[Start of section]

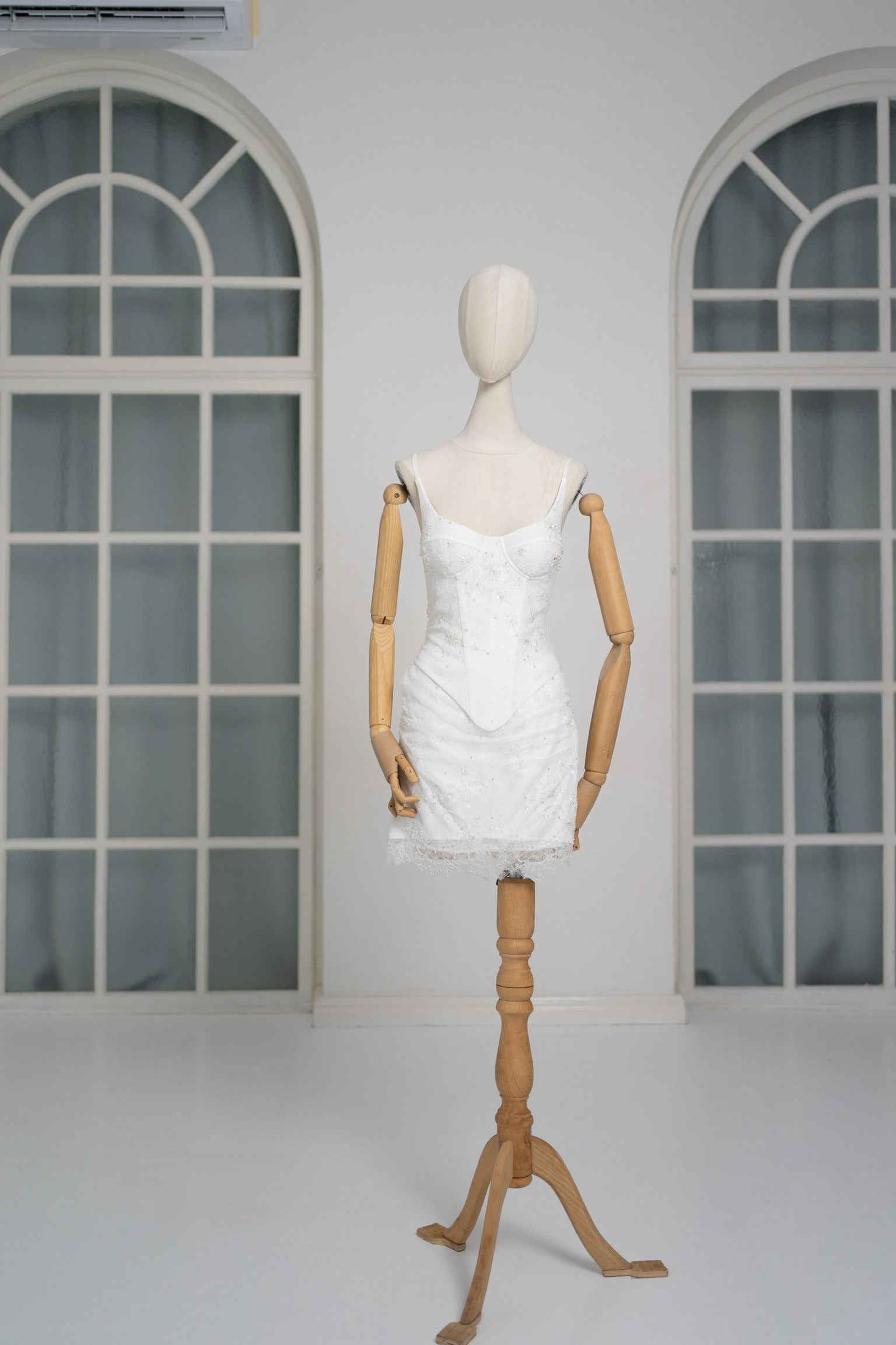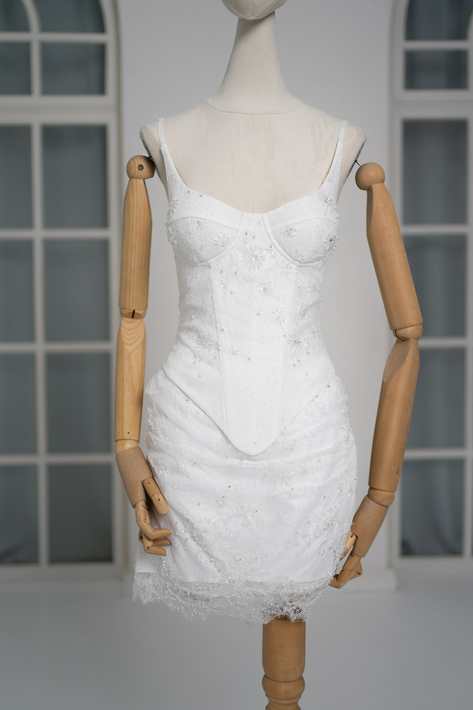 A luxurious lace mini dress with a corset base and hand-finished pearls, creating a festive and refined silhouette
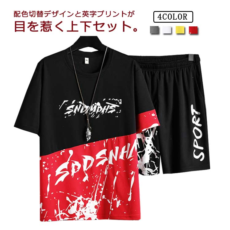 ジャージ スウェット 上下 セット 半袖 メンズ ルームウェア カジュアルセットアップ 配色メンズファッション トップス シャツ カットソー
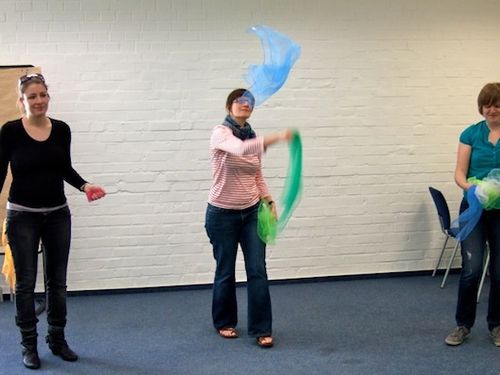 In den Räumlichkeiten des Mediacampus in Seckbach erarbeitete Referentin Christiane Rasper zusammen mit den Teilnehmerinnen Möglichkeiten Problem- und Konfliktsituationen in positive Erfahrungen zu wandeln. Dabei griff Frau Rasper auch zu ungewöhnlichen Methoden. So empfahl sie den Teilnehmerinnen schwierige Anrufe mit einer roten Clownsnase zu parieren, Verbalattacken der KollegInnen mit verblüffenden Kontern zu begegnen oder mit Tüchern zu jonglieren, um den Kopf frei zu bekommen.

[End of section]

-- REQUIRED WORK --
Any picture in the material is to be left out, and everything else is to be retyped as is.

-- RESULT OF THE TASK --
 A luxurious lace mini dress with a corset base and hand-finished pearls, creating a festive and refined silhouette
 ジャージ スウェット 上下 セット 半袖 メンズ ルームウェア カジュアルセットアップ 配色メンズファッション トップス シャツ カットソー
 In den Räumlichkeiten des Mediacampus in Seckbach erarbeitete Referentin Christiane Rasper zusammen mit den Teilnehmerinnen Möglichkeiten Problem- und Konfliktsituationen in positive Erfahrungen zu wandeln. Dabei griff Frau Rasper auch zu ungewöhnlichen Methoden. So empfahl sie den Teilnehmerinnen schwierige Anrufe mit einer roten Clownsnase zu parieren, Verbalattacken der KollegInnen mit verblüffenden Kontern zu begegnen oder mit Tüchern zu jonglieren, um den Kopf frei zu bekommen.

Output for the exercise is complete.